Full ComfyUI Support

ComfyUI API sits in front of ComfyUI, and uses the ComfyUI /prompt API to execute workflows, so any API-formatted prompt can be executed by the server. Before queueing the prompt, the server will download any required inputs, such as images. It also overrides the filename_prefix field in the prompt to ensure that output files are saved with a unique filename. Once the prompt is queued, the server will wait for the prompt to complete, and then return the outputs in the response body, via a webhook, or upload them to S3, depending on the request parameters.
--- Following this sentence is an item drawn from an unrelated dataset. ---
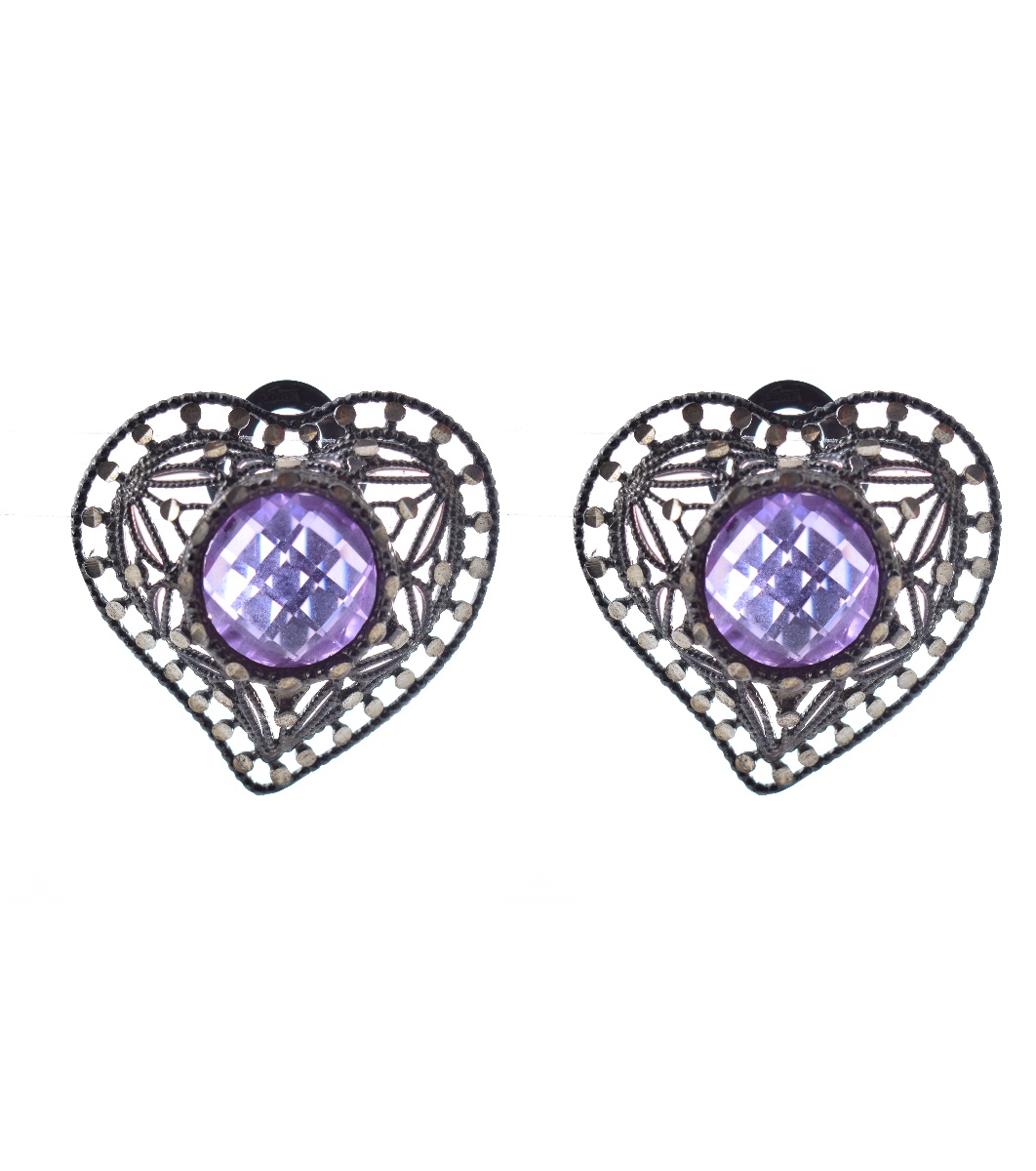 Cercei rafinați cu elemente proeminente, modelate în formă de inimă. Accent decorativ central cu o suprafață fațetată, înconjurată de detalii ajurate.

Because of this, anything you can run in ComfyUI can be run in the ComfyUI API server, including custom nodes and workflows, and any models ComfyUI supports.

Stateless API

The ComfyUI API server is designed to be stateless, meaning that it does not store any state between requests. This allows the server to be scaled horizontally behind a load balancer, and to handle more requests by adding more instances of the server. The server uses a configurable warmup workflow to ensure that ComfyUI is ready to accept requests, and to load any required models. The server also self-hosts swagger docs and an openapi spec at /docs, which can be used to interact with the API.

Request Format

Prompts are submitted to the server via the POST /prompt endpoint, which accepts a JSON body containing the prompt graph, as well as any additional parameters such as the webhook URL, S3 bucket and prefix, and image conversion options. A request may look something like:

{
  "id": "123e4567-e89b-12d3-a456-426614174000",
  "prompt": {
    "1": {
      "inputs": {
        "image": "https://salad-benchmark-assets.download/coco2017/train2017/000000000009.jpg",
        "upload": "image"
      },
      "class_type": "LoadImage"
    }
  },
  "webhook_v2": "https://example.com/webhook",
  "convert_output": {
    "format": "jpeg",
    "options": {
      "quality": 80,
      "progressive": true
    }
  }
}
  • Only the prompt field is required. The other fields are optional, and can be omitted if not needed.
  • Your prompt must be a valid ComfyUI prompt graph, which is a JSON object where each key is a node ID, and the value is an object containing the node's inputs, class type, and optional metadata.
  • Your prompt must include a node that saves an output, such as a SaveImage node.

Response Format

For async requests (i.e. when a webhook or S3 upload is used), the server will return a 202 Accepted response immediately, and the outputs will be sent to the webhook or uploaded to S3 in the background.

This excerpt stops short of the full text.